Le prince William évoque « la pire douleur » liée au deuil
Les images de William et Harry marchant derrière le cercueil de leur mère, la princesse Diana, ont marqué toute une génération. Plus de 25 ans plus tard, le prince William a enfin exprimé ce que cette scène a représenté pour lui. Dans une récente déclaration, il parle de la « pire douleur » qu’un enfant ou un parent puisse ressentir. Ces mots accompagnent l’annonce de la fusion de deux associations dédiées au soutien des jeunes en deuil. Derrière cette formule se cache une douleur encore vive.
À 15 ans, William a perdu sa mère, la princesse Diana. Son récent message intervient en mai 2025, à l’occasion de la Semaine de sensibilisation à la santé mentale au Royaume-Uni.
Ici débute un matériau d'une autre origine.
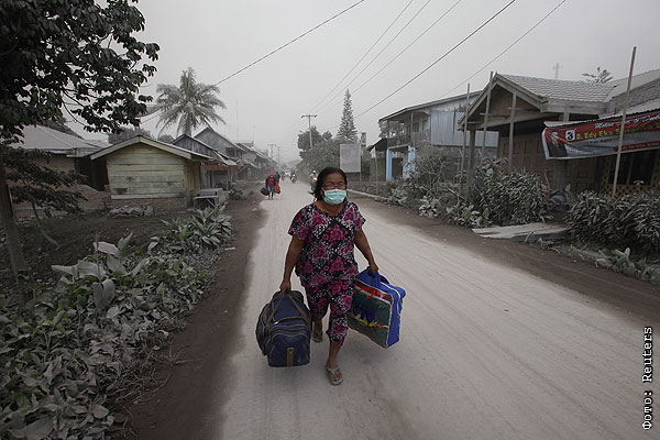 "Самоэвакуация" по-индонезийски. Жительница Суматры спасается от вулкана Синабунг.

Il s’agit aussi d’annoncer le rapprochement entre Child Bereavement UK, dont il est le parrain depuis 2009, et l’organisation Winston’s Wish. Contrairement à l’image de distance souvent associée à la monarchie, William choisit ici de parler ouvertement de son vécu face au deuil.
“La pire douleur” : le regard du prince William sur le deuil
Le prince de Galles commence par une déclaration sincère : « Le chagrin est la pire douleur que tout enfant ou parent puisse jamais endurer« , explique-t-il dans un message relayé par Hello!. Il précise que, même si l’on ne peut empêcher ces pertes, il est essentiel de mettre en place tous les soutiens possibles pour aider à reconstruire la vie des personnes touchées. Pour lui, il ne s’agit pas d’une douleur physique, mais d’un vide immense laissé par la perte d’un proche, une réalité qu’il souhaite rendre visible à un niveau élevé.
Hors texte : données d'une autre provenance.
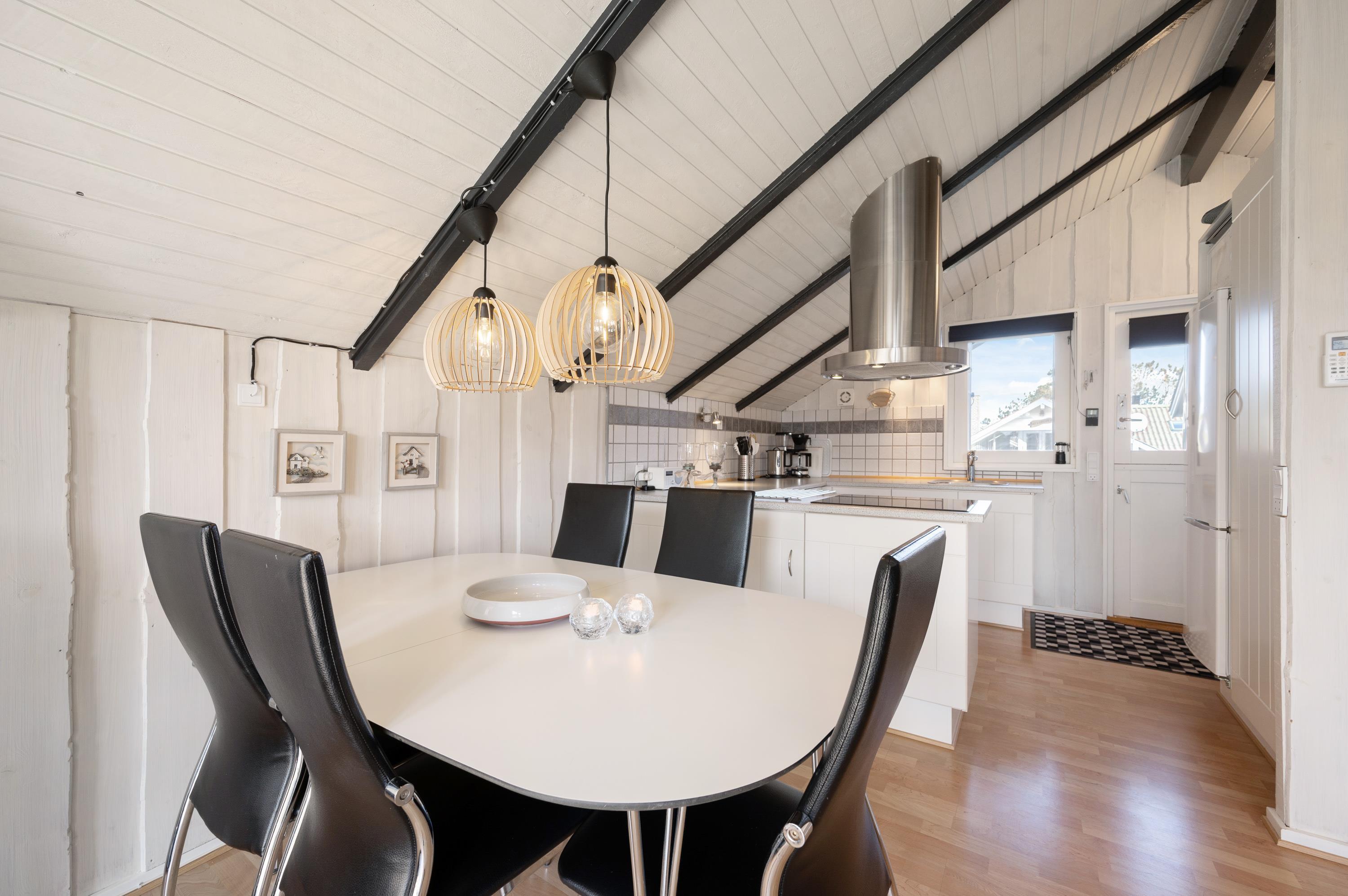 Sommerhusets hjerte er det åbne opholdsrum med stue og køkkenafdeling. Her er alle med i fællesskabet - også når man står i køkkenet. Køkkenafdelingen er praktisk indrettet med bl.a. 60 l. fryser, mikroovn og opvaskemaskine

Il souligne également avoir constaté une augmentation du besoin de soutien pour les familles en deuil. C’est ce constat qui l’a conduit à soutenir la fusion entre Child Bereavement UK et Winston’s Wish. La nouvelle structure, qui portera toujours le nom de Child Bereavement UK, vise à accompagner chaque année des dizaines de milliers d’enfants, de jeunes et de parents frappés par un deuil au Royaume-Uni.
Le drame de 1997 et ses conséquences sur William
Tout a commencé la nuit du 31 août 1997. Diana, princesse de Galles, est morte à 36 ans dans un accident de voiture à Paris, aux côtés de Dodi Fayed et du chauffeur. William, alors âgé de 15 ans, et son frère Harry, 12 ans, ont vécu cette tragédie en direct. Les funérailles, suivies par environ 2,5 milliards de personnes dans le monde, ont été un moment de profonde douleur pour eux.
Depuis cet événement, William et Harry ont chacun évoqué à leur manière l’impact de cette perte. Harry a raconté avoir rejeté son rôle royal pendant un temps, tandis que William est resté fidèle à l’institution, en faisant de la santé mentale et du deuil une priorité dans sa mission.
L’héritage de Diana : le rôle de Child Bereavement UK
Julia Samuel, amie proche de Diana et fondatrice de Child Bereavement UK, remarque chez le prince William une sincérité qui rappelle celle de la princesse. Elle explique : « Il a la sincérité que Diana avait. On peut le voir sur son visage et l’entendre dans sa voix. Il est chaleureux, mais très direct, tout comme elle. » Selon elle, cette ressemblance explique pourquoi tant de personnes en deuil se confient si facilement à lui.
Lors d’un échange avec un enfant en deuil, William lui a murmuré : « Je sais ce que tu ressens » puis « Ça va devenir plus facile. » En quelques mots, il relie sa propre « pire douleur » à celle des autres, renforçant ainsi son engagement auprès des familles touchées par la perte d’un proche.